# Helping new shooters deal with nerves



## Supermag1 (Jun 11, 2009)

I'll start with the problem and format. I'm one of several coaches for a 4H archery program and we're sick of seeing good shooters crumble on scoring night. Here's what makes this very hard to coach around. The program is an 8 week program and we have all walks of ages and experience levels of shooters. Each shooter gets 1/2 hour a week to shoot and be coached (max 4 shooters and 2 coaches per time slot) and many of the shooters use club equipment that stays at the building so they can't practice at home. Scoring night consists of 1 practice round then 3 scoring rounds of 6 arrows on the 40 cm face (the best shooters use the Vegas style 3 spot face to save arrows) with the best end used to determine what medal/ribbon they receive and this is also the same face that we practice all through the program.

With the limited time we have to work with them, it's usually a lot of very basic form work (grip, anchor, follow through, fixing problems, etc) but many actually get fairly decent if they listen and work hard while they're there. The problem is that with the short time frame and only one night of real competition, the nerves on the last night kick in and drop scores anywhere from just a few points to lots of points. Now we've got some ideas that we're going to try next year to help expose them to the nerves so they can get used to it but I would love to hear some other coaches ideas on how they would try and deal with this.


----------



## da white shoe (Mar 10, 2009)

My opinion will not help you, I'm afraid.
Pressure is a funny thing; it can make some actually exceed their average... and it can crumble the confidence of others.
Most new archers shouldn't be put in a competitive position, even if that competition is with their prior performance... again, just my opinion. If they're still engraining aspects of basic form... they're not ready.


----------



## Huntinsker (Feb 9, 2012)

Why focus on a scoring night? I mean, it's just shooting a bow. Get them to understand that making good shots will result in a good score and teach them to focus on making the shots rather than hitting a certain scoring ring. If you only have 1 scoring night where the format changes, I'd have some practice exactly like the scoring night will be. It sounds like scoring night would move pretty quickly so periodically within the 8 weeks, have some nights where you practice for 10 minutes and then do the last 20 minutes of practice just like your scoring night will be. Make sure they focus on the shots just like it was regular practice but within the format of your scoring night. 

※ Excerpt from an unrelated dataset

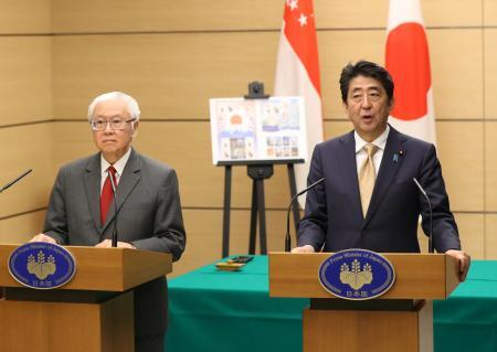 日本首相安倍晋三与新加坡总统陈庆炎举行联合记者会。【环球网报道 记者 王欢】日本首相安倍晋三12月1日与新加坡总统陈庆炎在官邸举行会谈,双方确认将为使跨太平洋伙伴关系协定(TPP)生效而共同努力。安倍还表示,希望在连接该国与马来西亚的高铁计划中采用日本新干线方式。

That should decrease the anxiety of doing something different and make the scoring night much more benign.


----------



## Supermag1 (Jun 11, 2009)

The format isn't a complete change, they practice on the same targets, number of arrows and distance that they will be using during scoring night. Nothing we can do about taking them into a competitive situation while still working on form fundamentals, we only have so much time with them (and with all the activities kids have today, we're hard pressed to get 1/2 hour a week for 8 weeks in).

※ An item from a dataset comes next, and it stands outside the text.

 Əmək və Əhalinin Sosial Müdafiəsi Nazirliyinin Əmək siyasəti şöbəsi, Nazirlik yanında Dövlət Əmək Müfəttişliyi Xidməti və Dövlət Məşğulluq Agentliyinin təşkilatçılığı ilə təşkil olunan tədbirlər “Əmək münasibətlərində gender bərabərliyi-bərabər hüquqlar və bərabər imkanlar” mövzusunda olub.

We do harp on them to focus on making good shots and even when shooting for score keep trying to remind them to really focus on doing everything right (if they didn't follow through, we keep saying hold that pin in the middle, if they've been working on grip we remind them, etc).

Like I said earlier, we do have an idea to, hopefully, help with this next year. That idea is to basically add a weekly league element into it and score every week with a most improved and overall winner in addition to the required medal/ribbon awards. At least then they'll have the experience of dealing with the nerves that can come when it counts.


----------



## Sasquech (Dec 15, 2014)

Read with winning in mind by Larry basham great at how to build an Olympic level mental game


Staff shooter Dream Shot Archery makers of Twisted Minds bowstrings. 
Hoyt Pro Comp Elite XL 51#
AXcel Acheive sight. Hamskea rest


----------



## Brian A (Feb 22, 2016)

We run a strikeout style scrimmage where there is a score given at the start. Anybody that shoots that score or higher stays in. Anyone lower sits down. Then a slightly higher score is given and same thing. This repeats only about three times before a winner is declared. We usually get atleast two of these in when we do this.


Sent from my iPhone using Tapatalk


----------



## Supermag1 (Jun 11, 2009)

Brian A said:


> We run a strikeout style scrimmage where there is a score given at the start. Anybody that shoots that score or higher stays in. Anyone lower sits down. Then a slightly higher score is given and same thing. This repeats only about three times before a winner is declared. We usually get atleast two of these in when we do this.
> 
> 
> Sent from my iPhone using Tapatalk


Interesting idea, thank you.


----------